PROBLEM REQUIREMENTS:
Copy every line of the records exactly, without including the images.

[Recorded data]
____________
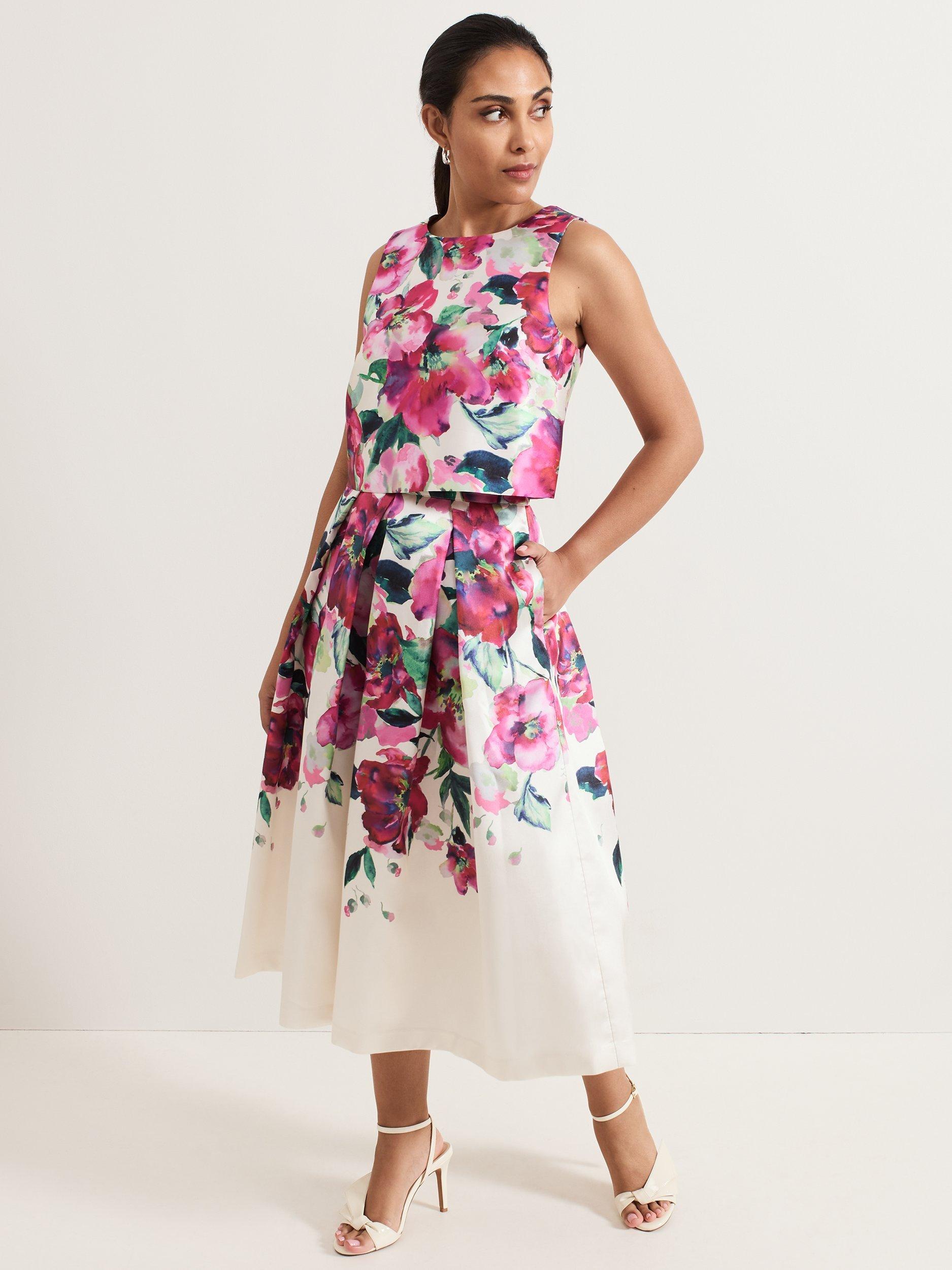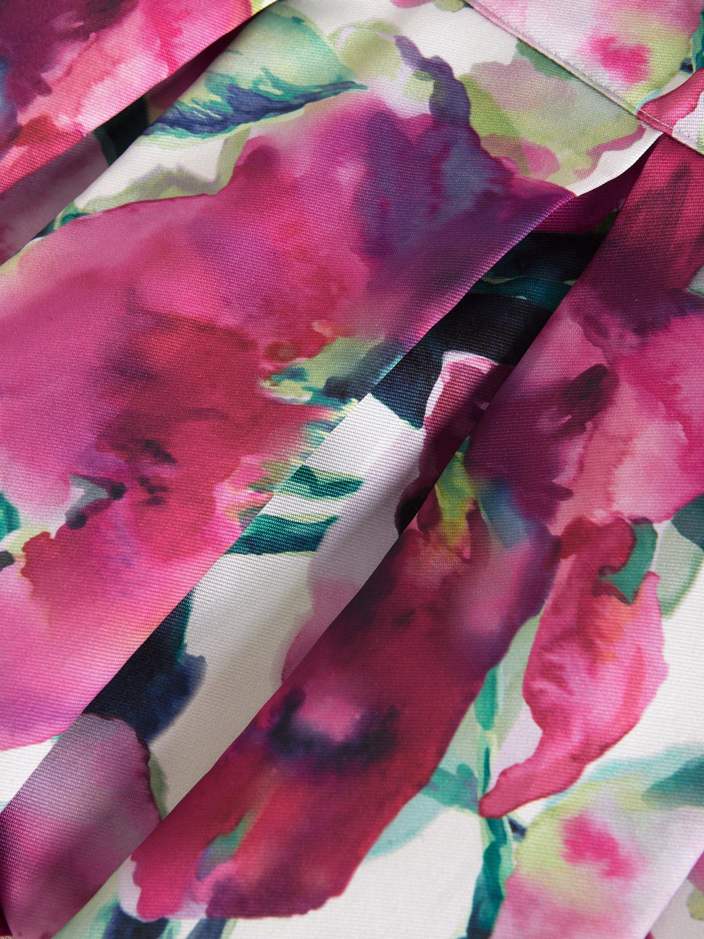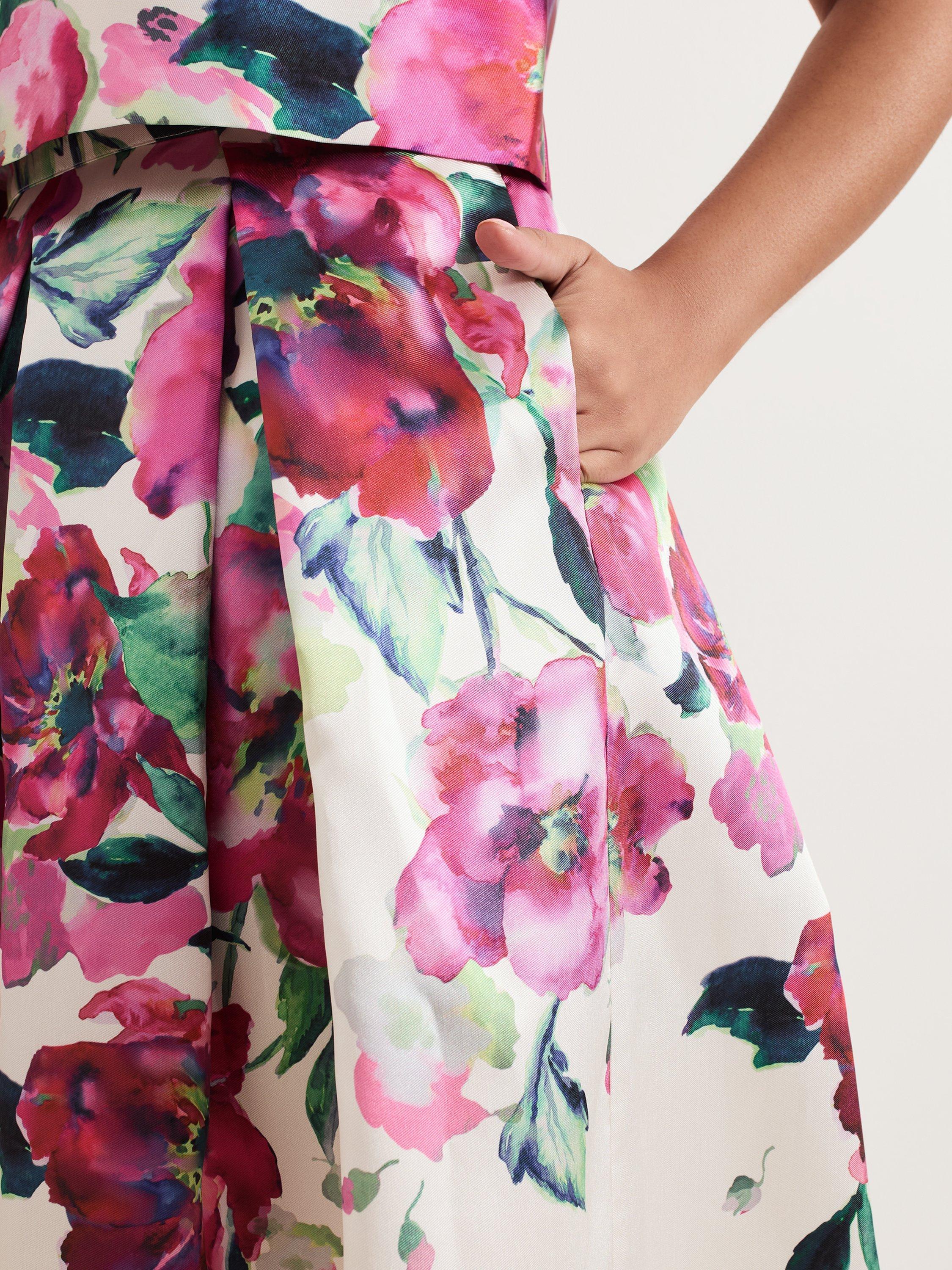 Embrace the art of florals with our striking skirt. Vibrant florals dance across the skirt. With pleats that add volume, the skirt falls just above the ankle.
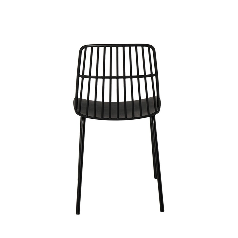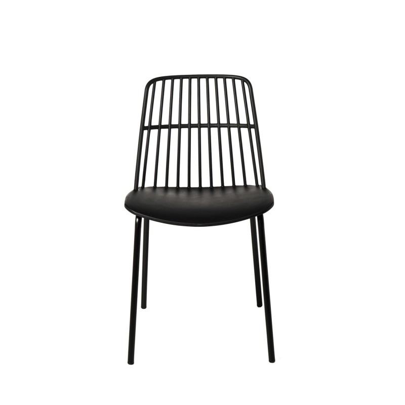 La chaise NERINA a l'assise et le dossier en polypropylène ; son design est caractérisé par les barres fines du dossier, lui conférant un aspect visuellement léger.
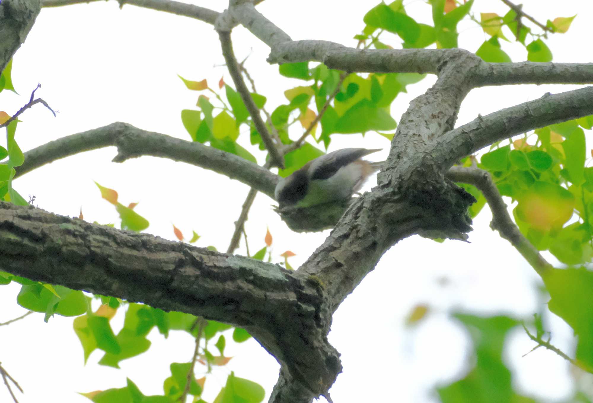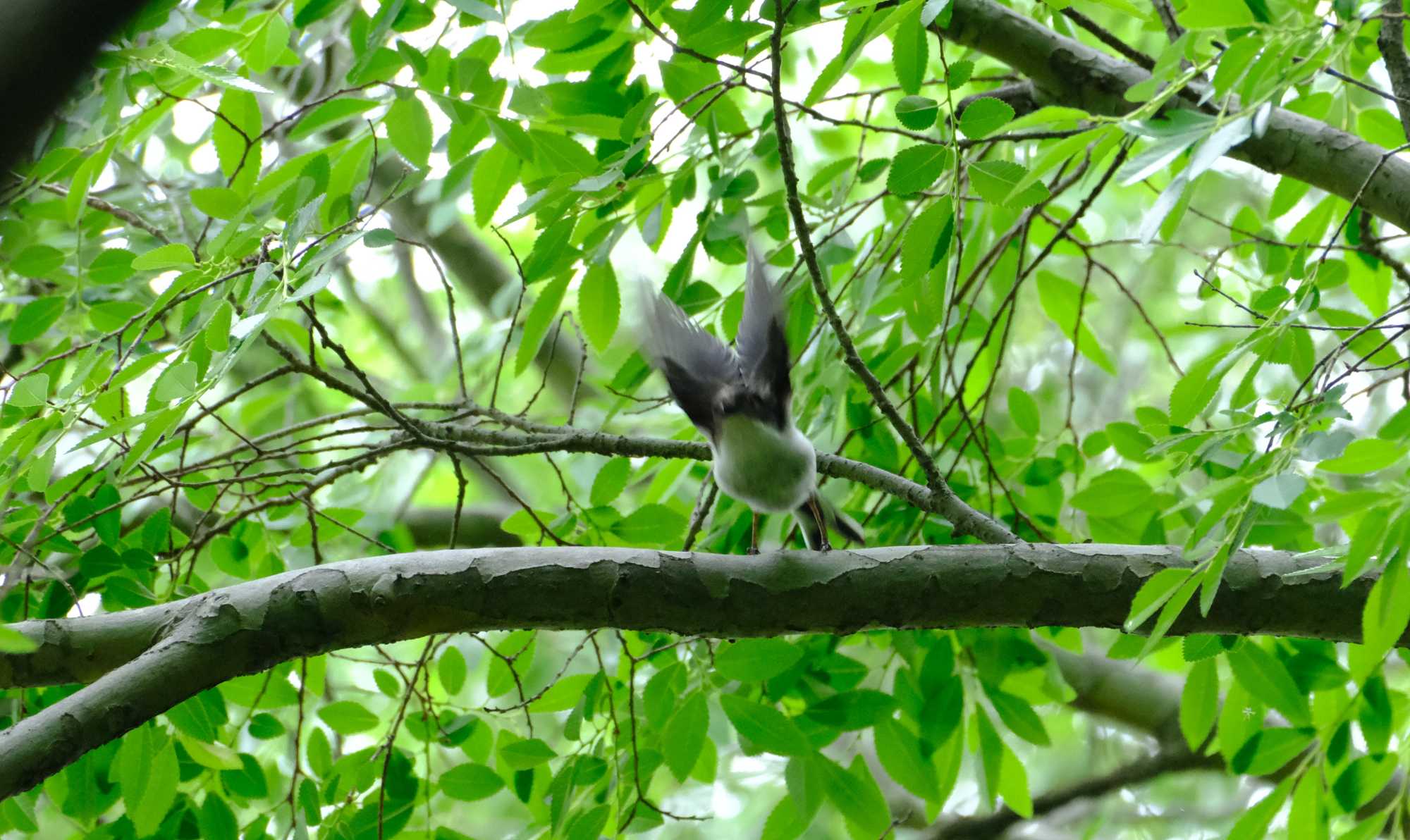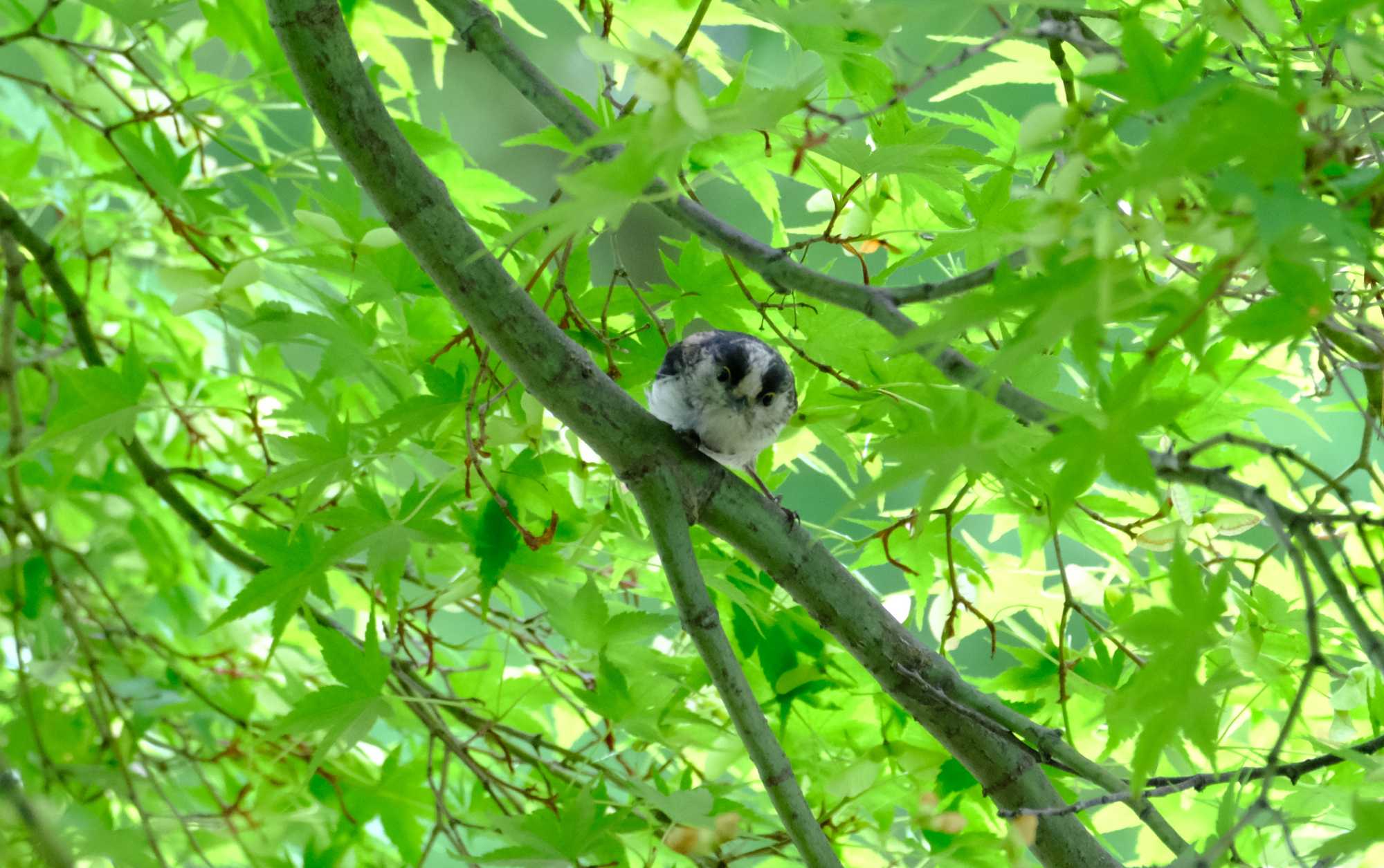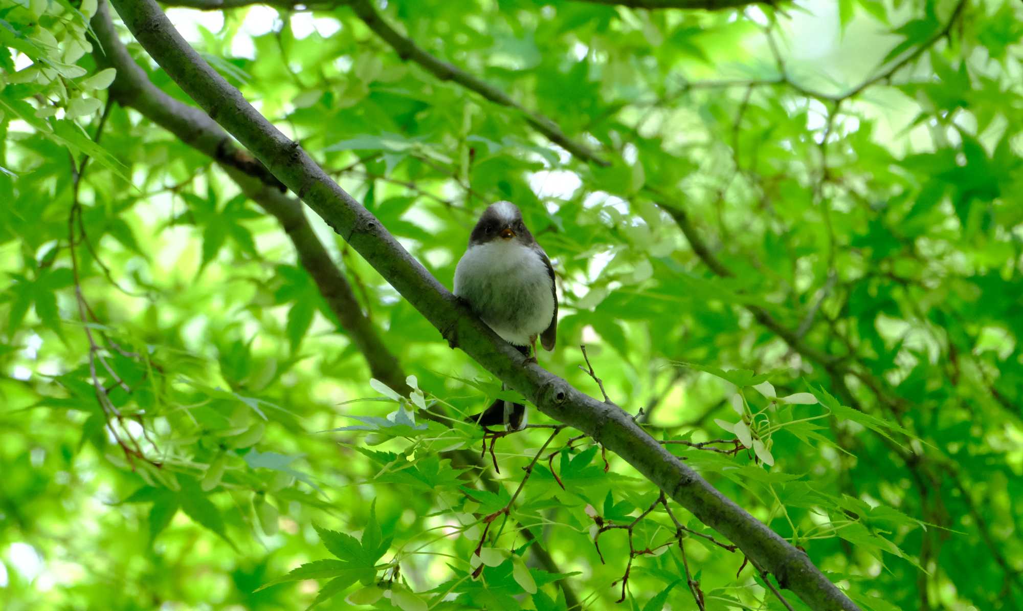 新緑の中にエナガの背中を発見。
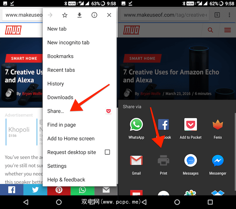 要使用Pocket,请下载该应用并创建一个帐户。现在,转到浏览器并打开要保存的页面。在Chrome中,点击三点图标并选择共享。从此菜单中选择 Pocket 图标。
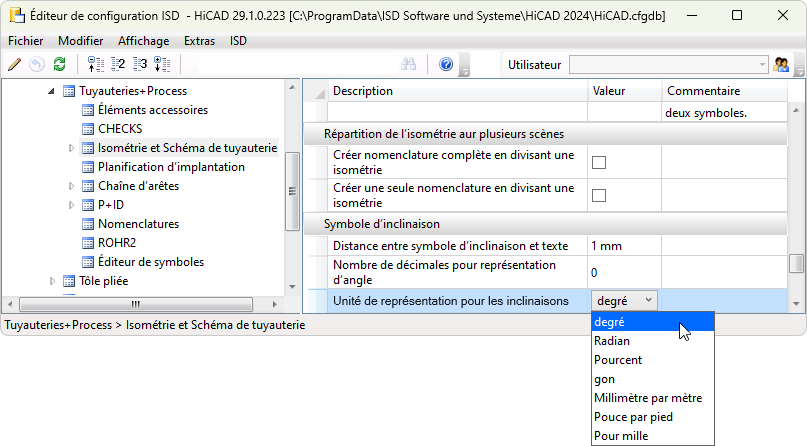 Vous trouverez des options de paramétrage plus détaillées pour les symboles d'inclinaison dans le Gestionnaire de Configuration sous Tuyauteries+Process > Isométrie et schéma de tuyauterie. Vous pouvez y choisir entre autres l'unité de représentation ainsi que le nombre de décimales.
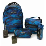 This set includes a spacious backpack, a matching lunch bag, a pencil case, and a water bottle, providing a coordinated and practical solution for everyday needs.
____________
RESPONSE TO THIS EXERCISE:
 Embrace the art of florals with our striking skirt. Vibrant florals dance across the skirt. With pleats that add volume, the skirt falls just above the ankle.
 La chaise NERINA a l'assise et le dossier en polypropylène ; son design est caractérisé par les barres fines du dossier, lui conférant un aspect visuellement léger.
 新緑の中にエナガの背中を発見。
 要使用Pocket,请下载该应用并创建一个帐户。现在,转到浏览器并打开要保存的页面。在Chrome中,点击三点图标并选择共享。从此菜单中选择 Pocket 图标。
 Vous trouverez des options de paramétrage plus détaillées pour les symboles d'inclinaison dans le Gestionnaire de Configuration sous Tuyauteries+Process > Isométrie et schéma de tuyauterie. Vous pouvez y choisir entre autres l'unité de représentation ainsi que le nombre de décimales.
 This set includes a spacious backpack, a matching lunch bag, a pencil case, and a water bottle, providing a coordinated and practical solution for everyday needs.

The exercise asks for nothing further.